* [About this task] Restate the records in full and exactly, with no images included.

* [Provided entries]
- - - - -

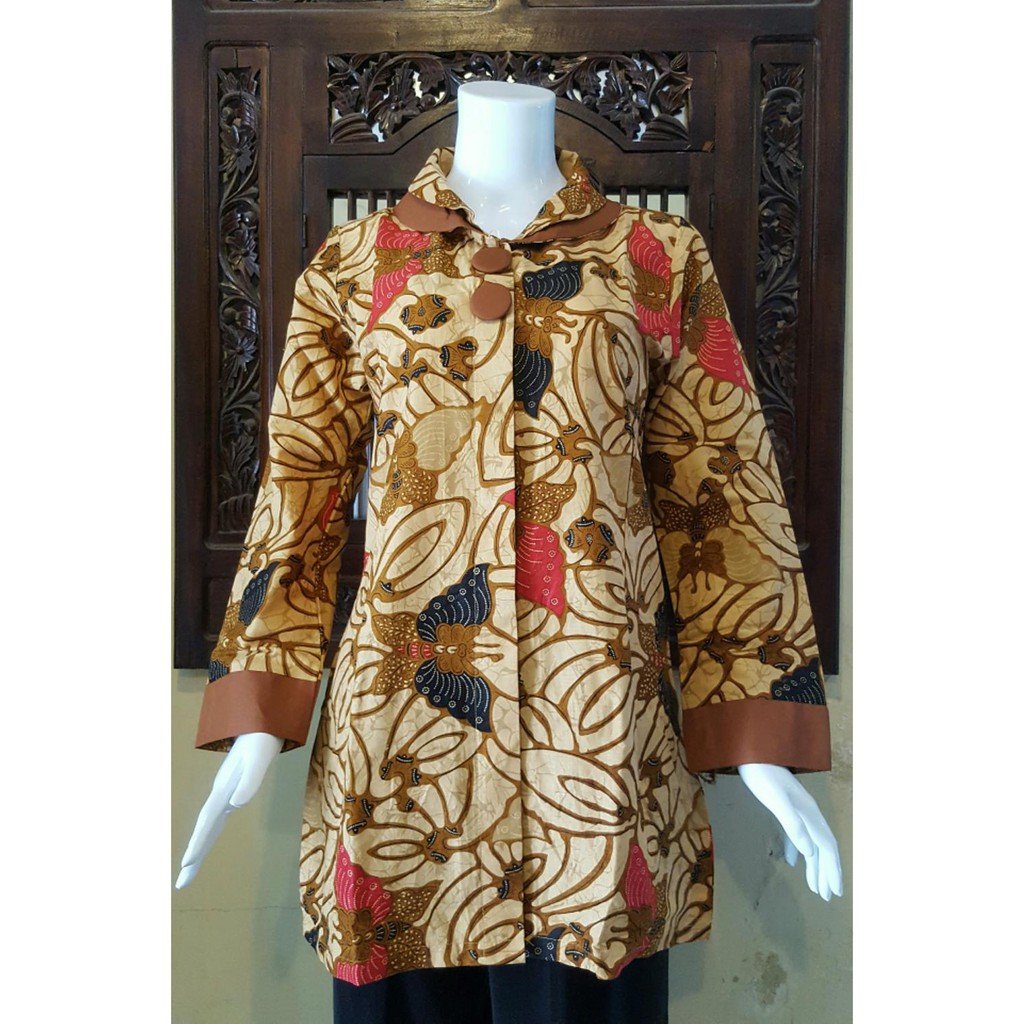 Name: Promo Atasan Batik Wanita Lengan Panjang Motif Kupu Sogan Merah Batik Pekalongan 112 Limited
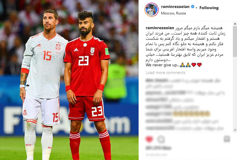 رامین رضاییان با انتشار این عکس در اینستاگرامش نوشت: هميشه ميگم بازم ميگم مرور زمان ثابت كننده همه چيز است... من فرزند ايران هستم و افتخار ميكنم و ياد گرفتم به شكست فكر نكنم و هميشه به جلو نگاه كنم پس با تمام وجود ميريم واسه افتخار افريني براي شما مردم عزيز ايران كه لايق بهترينا هستيد... خيلي دوستون دارم
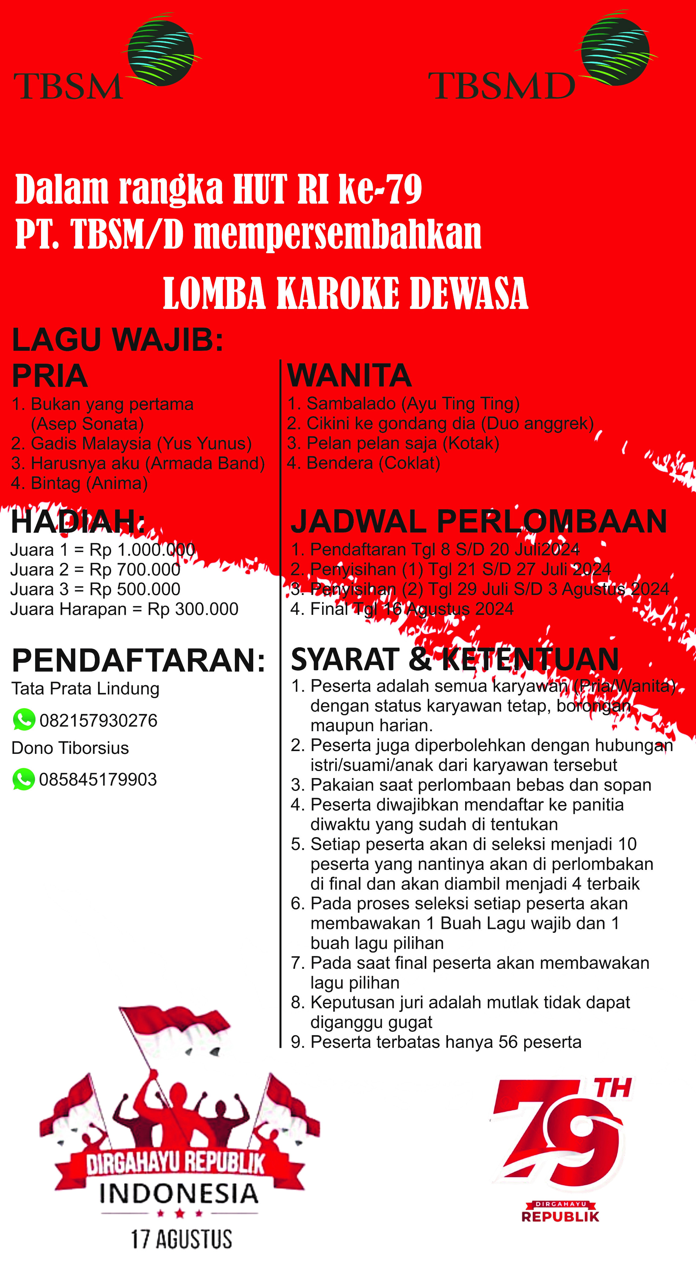 Pendaftaran : 082157930276 (Tata) dan 085845179903 (Dono)
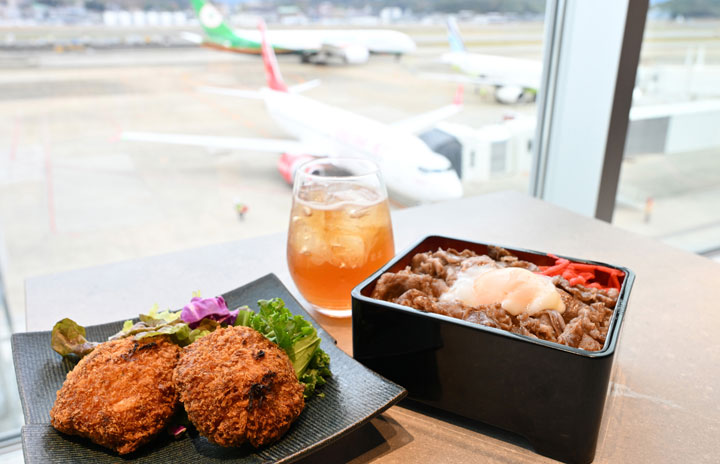 福岡空港国際線ターミナル北側コンコース延伸部分にオープンした「KRAZY MEAT by ODA CHIKUSAN」のメニュー=23年11月30日 PHOTO: Tadayuki YOSHIKAWA/Aviation Wire
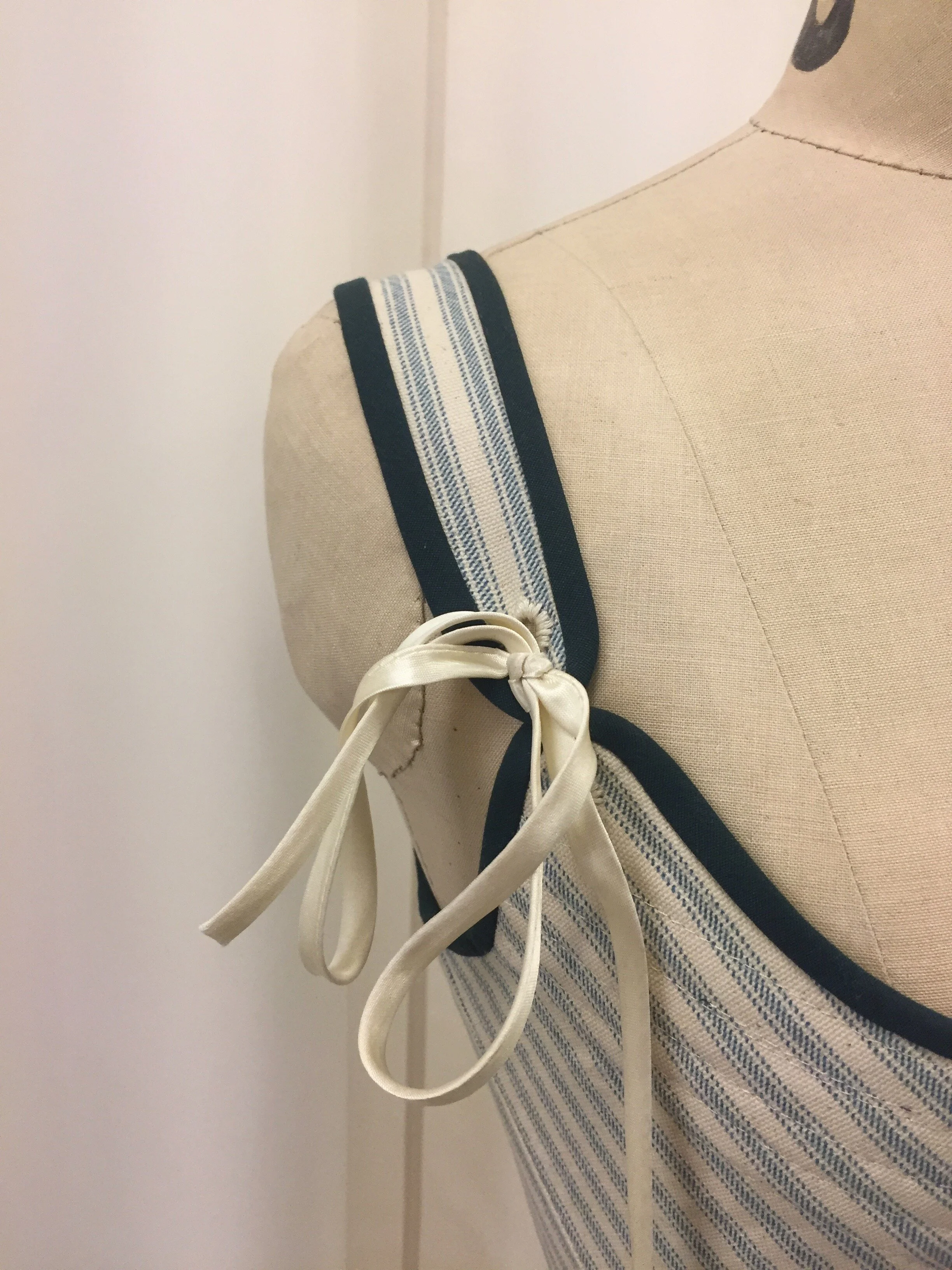 Based on a historical pattern. Features chevron pattern matching, handmade bias binding and bone channels, and hand embroidered eyelets.
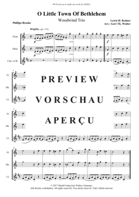 O Little Town Of Bethlehem - Noten für Holzbläser Trio Lewis H. Redner
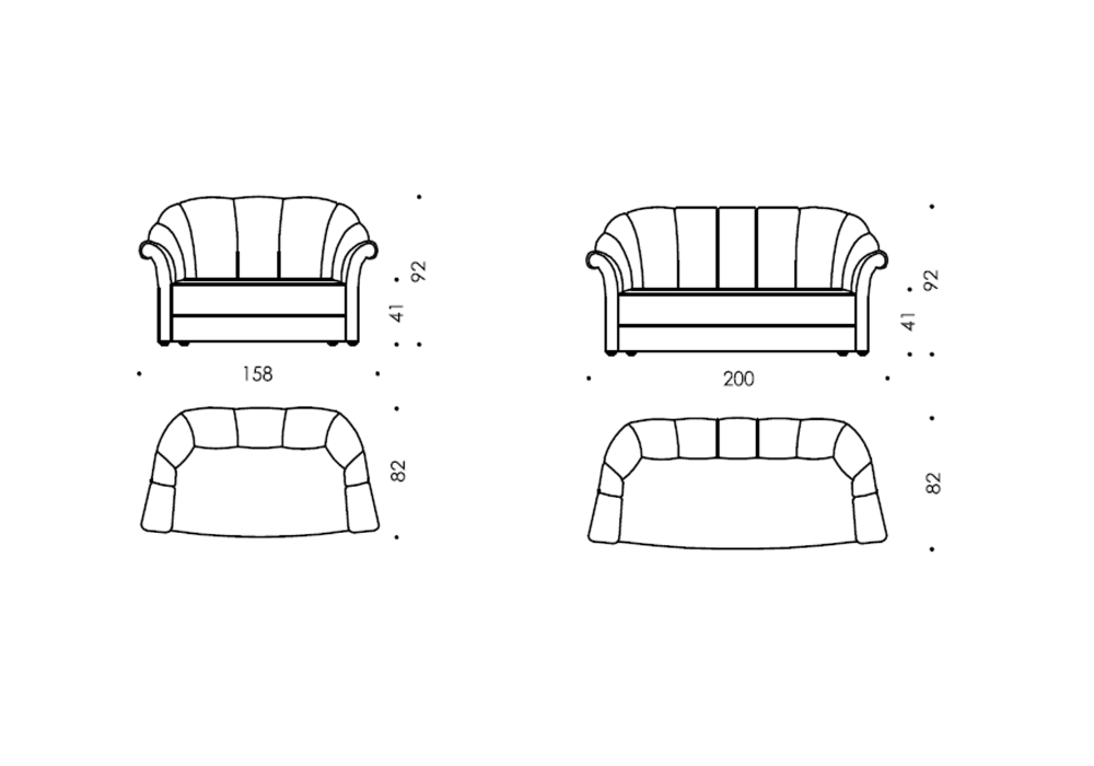 | Dimensions | - 158 x 82 x H 92 cm; - 200 x 82 x H 92 cm. |

- - - - -

* [Solution for this exercise]
 Name: Promo Atasan Batik Wanita Lengan Panjang Motif Kupu Sogan Merah Batik Pekalongan 112 Limited
 رامین رضاییان با انتشار این عکس در اینستاگرامش نوشت: هميشه ميگم بازم ميگم مرور زمان ثابت كننده همه چيز است... من فرزند ايران هستم و افتخار ميكنم و ياد گرفتم به شكست فكر نكنم و هميشه به جلو نگاه كنم پس با تمام وجود ميريم واسه افتخار افريني براي شما مردم عزيز ايران كه لايق بهترينا هستيد... خيلي دوستون دارم
 Pendaftaran : 082157930276 (Tata) dan 085845179903 (Dono)
 福岡空港国際線ターミナル北側コンコース延伸部分にオープンした「KRAZY MEAT by ODA CHIKUSAN」のメニュー=23年11月30日 PHOTO: Tadayuki YOSHIKAWA/Aviation Wire
 Based on a historical pattern. Features chevron pattern matching, handmade bias binding and bone channels, and hand embroidered eyelets.
 O Little Town Of Bethlehem - Noten für Holzbläser Trio Lewis H. Redner
 | Dimensions | - 158 x 82 x H 92 cm; - 200 x 82 x H 92 cm. |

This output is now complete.